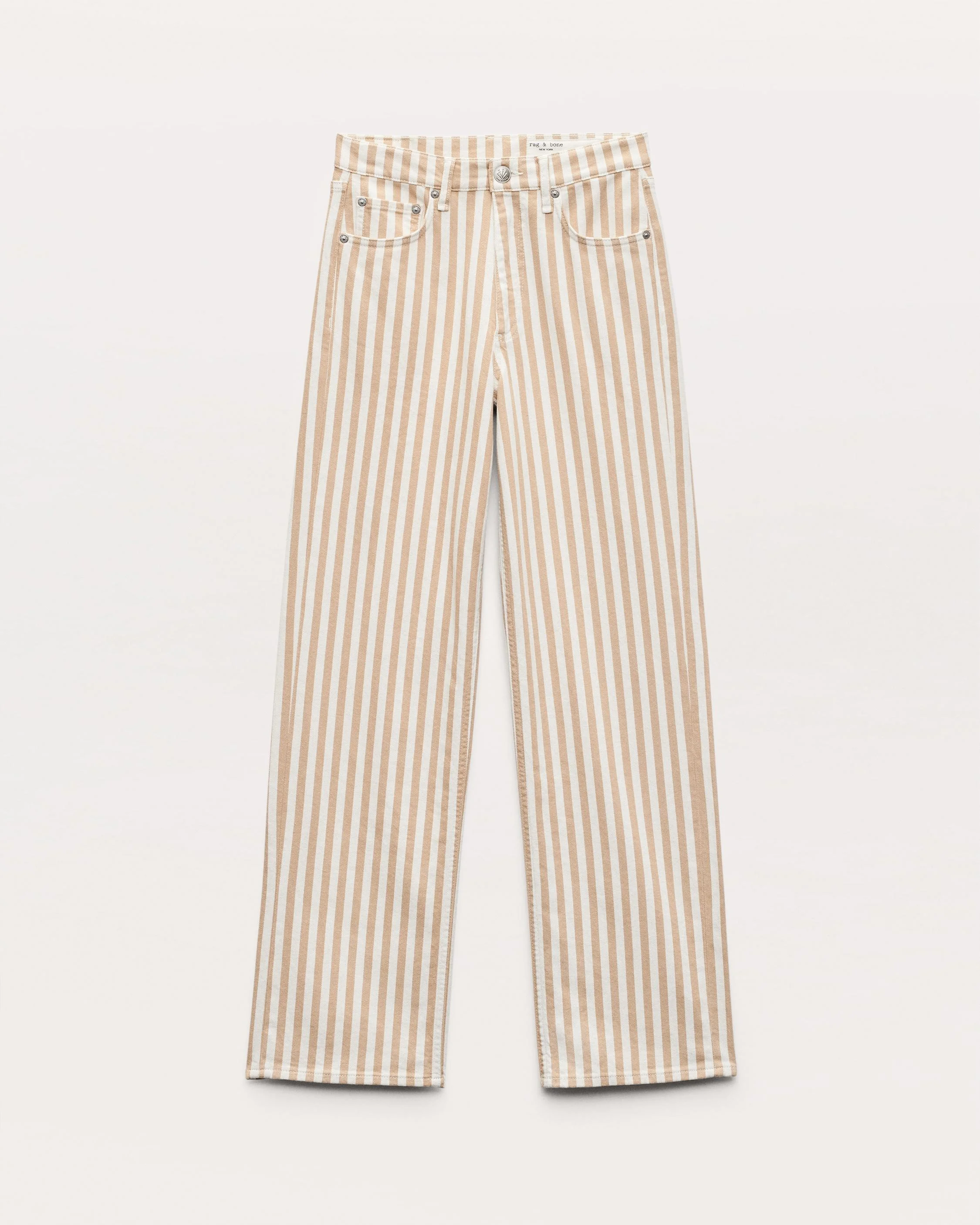 The Shea. Full-length high-rise jeans designed with relaxed, straight legs. Crafted from our Vintage Stretch denim for a broken-in look & feel with a comfortable touch of stretch. In Tan Stripe, a summery take on the classic pattern. Size & Fit • High-rise • Relaxed straight, full-length leg • Size 26: 12" front rise | 32" inseam | 18" leg opening • Model is 5'11" wearing size 25 Features & Details • 85% cotton, 13% linen, 2% elastane • Vintage Stretch Denim • In Tan Stripe, a summery pattern of vertical tan and ecru stripes • Zip fly with a button closure • Signature dagger tack buttons & washer rivets • Five-pocket pant • Machine wash • Imported Product ID: WDD25P1007VSTS
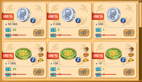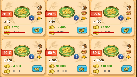 L'offre à 35% (100 jetons), devrait être de 23 400 et non 23 500 (je n'ai pas vérifié les autres), parce que je m'intéressais surtout à la conversion or <--> billets bleus
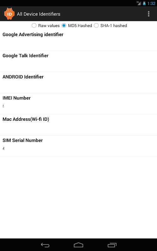 Check & share the raw/hashed versions of Available android device identifiers.
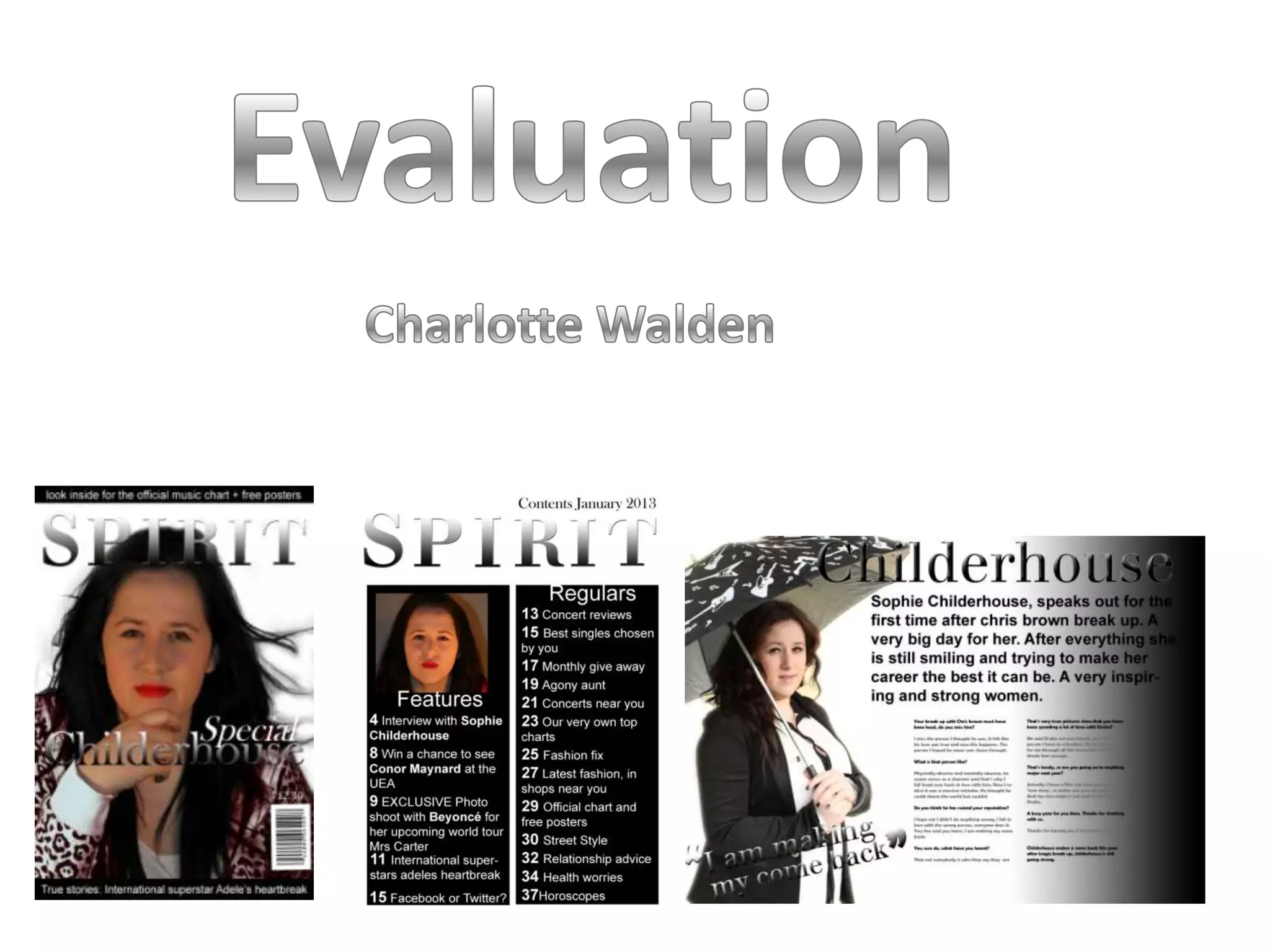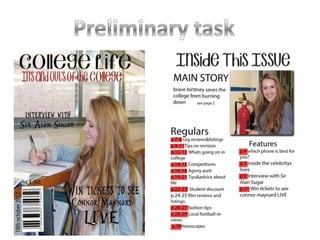 The document describes the process of creating a music magazine cover and layout. The creator was inspired by a Vogue magazine cover they saw, particularly liking how it was set out like a poster and had bold writing for stories. For their music magazine, they aimed for a sophisticated look with neutral colors and a serious model on the cover. Feedback noted the contents page could be improved, so the creator added more color and spacing to make it look more professional while keeping the overall style. Through this process, the creator learned Photoshop skills that improved their work.
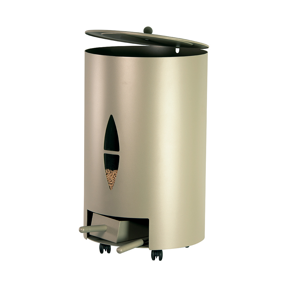 Este porta pellets para chimenea destaca por su diseño cilíndrico y moderno , se adapta fácilmente a cualquier ambiente del hogar. La sólida estructura de metal garantiza resistencia y longevidad, mientras que las ruedas integradas garantizan un fácil movimiento. El contenedor está equipado con una tapa superior , que protege el pellet de la humedad y el polvo, manteniéndolo seco y listo para su uso. Además, la ventana frontal no sólo aporta un toque estético sino que permite controlar el nivel de pellet sin tener que abrir el contenedor. Este porta pellets es la solución ideal para quienes buscan practicidad, limpieza y estilo en la calefacción de su hogar.
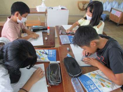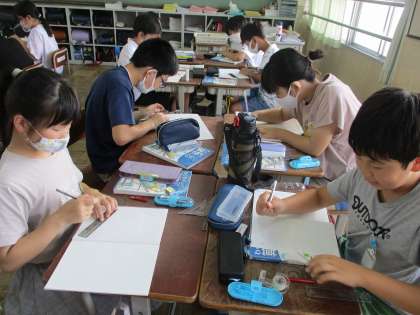 算数科の学習では、「合同な図形」について学習しています。今日は、合同な三角形をかくためにどのように頂点をきめたらよいかを考えました。「それぞれの辺の長さがわかればかけそう。」「角度の大きさも測ってみよう。」など、グループで意見を出し合って、ノートにかいてみました。
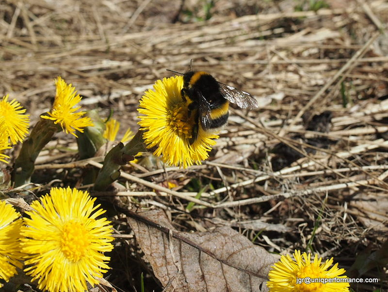 Viime vuoden lakastuneet heinät heiluvat hennosti tuulessa. Niiden lomasta pistää esiin pieniä vihreitä piikkejä.
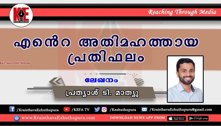 ലേഖനം: എൻെറ അതിമഹത്തായ പ്രതിഫലം | പ്രത്യാശ് ടി. മാത്യു
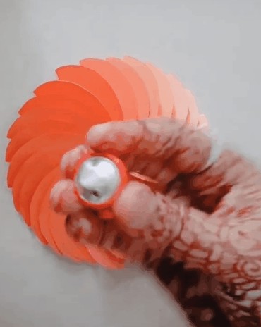 4.依次类推,我们将更多的圆形纸片对折,放在第一片的上面,排列成圆形。
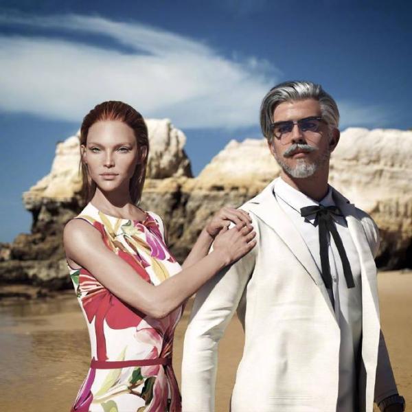 創辦人肯德基爺爺怎麼會一瞬間變成了性感男模呢?原來照片中這位並不是真正的模特兒,而是肯德基利用 CG 合成的虛擬人物,原本我們看慣的肯德基爺爺,一瞬間就變成了火辣的肯德基哥哥。
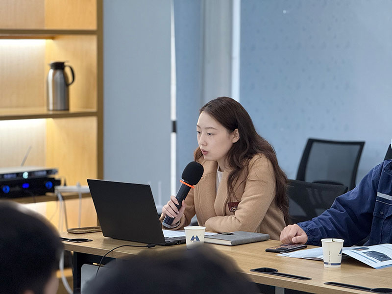 参观结束后,我司技术专工丁睿从产品分类、适用工况、产品特点和设备如何选型等方面一一为大家展开了介绍,并针对各位领导提出的问题,在会上进行了解答。
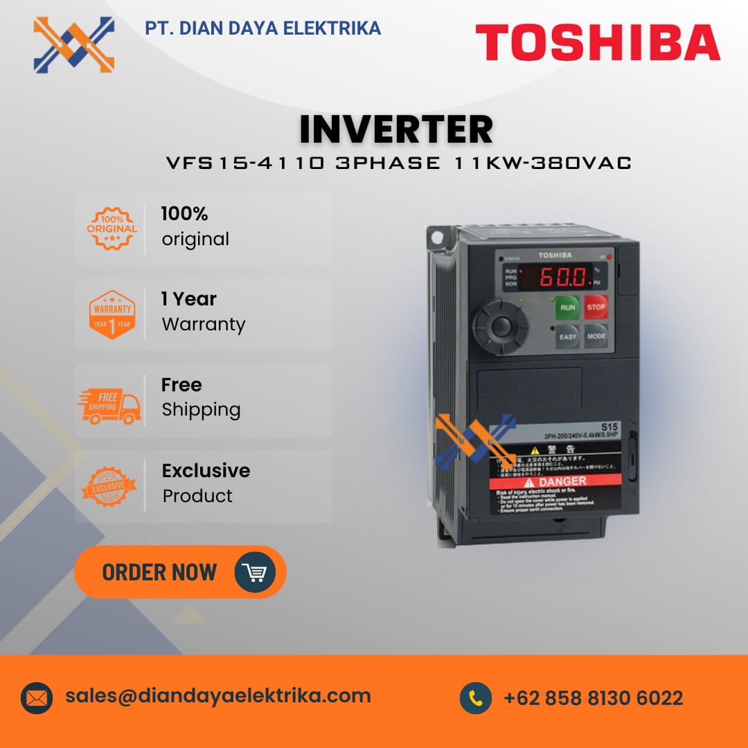 The Toshiba VFS15-4110 (often specified as VFS15-4110PL-W1) is an 11kW (15HP) vector inverter from the VF-S15 series, designed for 3-phase 380V to 500V AC input and output for controlling induction and permanent magnet motors.

□ □ □

• [About this task]: Each line from the one that contains "Este porta pellets para" through the end of the records should be restated exactly; include both end lines and leave any pictures out.

• [Result below]:
 Este porta pellets para chimenea destaca por su diseño cilíndrico y moderno , se adapta fácilmente a cualquier ambiente del hogar. La sólida estructura de metal garantiza resistencia y longevidad, mientras que las ruedas integradas garantizan un fácil movimiento. El contenedor está equipado con una tapa superior , que protege el pellet de la humedad y el polvo, manteniéndolo seco y listo para su uso. Además, la ventana frontal no sólo aporta un toque estético sino que permite controlar el nivel de pellet sin tener que abrir el contenedor. Este porta pellets es la solución ideal para quienes buscan practicidad, limpieza y estilo en la calefacción de su hogar.
 算数科の学習では、「合同な図形」について学習しています。今日は、合同な三角形をかくためにどのように頂点をきめたらよいかを考えました。「それぞれの辺の長さがわかればかけそう。」「角度の大きさも測ってみよう。」など、グループで意見を出し合って、ノートにかいてみました。
 Viime vuoden lakastuneet heinät heiluvat hennosti tuulessa. Niiden lomasta pistää esiin pieniä vihreitä piikkejä.
 ലേഖനം: എൻെറ അതിമഹത്തായ പ്രതിഫലം | പ്രത്യാശ് ടി. മാത്യു
 4.依次类推,我们将更多的圆形纸片对折,放在第一片的上面,排列成圆形。
 創辦人肯德基爺爺怎麼會一瞬間變成了性感男模呢?原來照片中這位並不是真正的模特兒,而是肯德基利用 CG 合成的虛擬人物,原本我們看慣的肯德基爺爺,一瞬間就變成了火辣的肯德基哥哥。
 参观结束后,我司技术专工丁睿从产品分类、适用工况、产品特点和设备如何选型等方面一一为大家展开了介绍,并针对各位领导提出的问题,在会上进行了解答。
 The Toshiba VFS15-4110 (often specified as VFS15-4110PL-W1) is an 11kW (15HP) vector inverter from the VF-S15 series, designed for 3-phase 380V to 500V AC input and output for controlling induction and permanent magnet motors.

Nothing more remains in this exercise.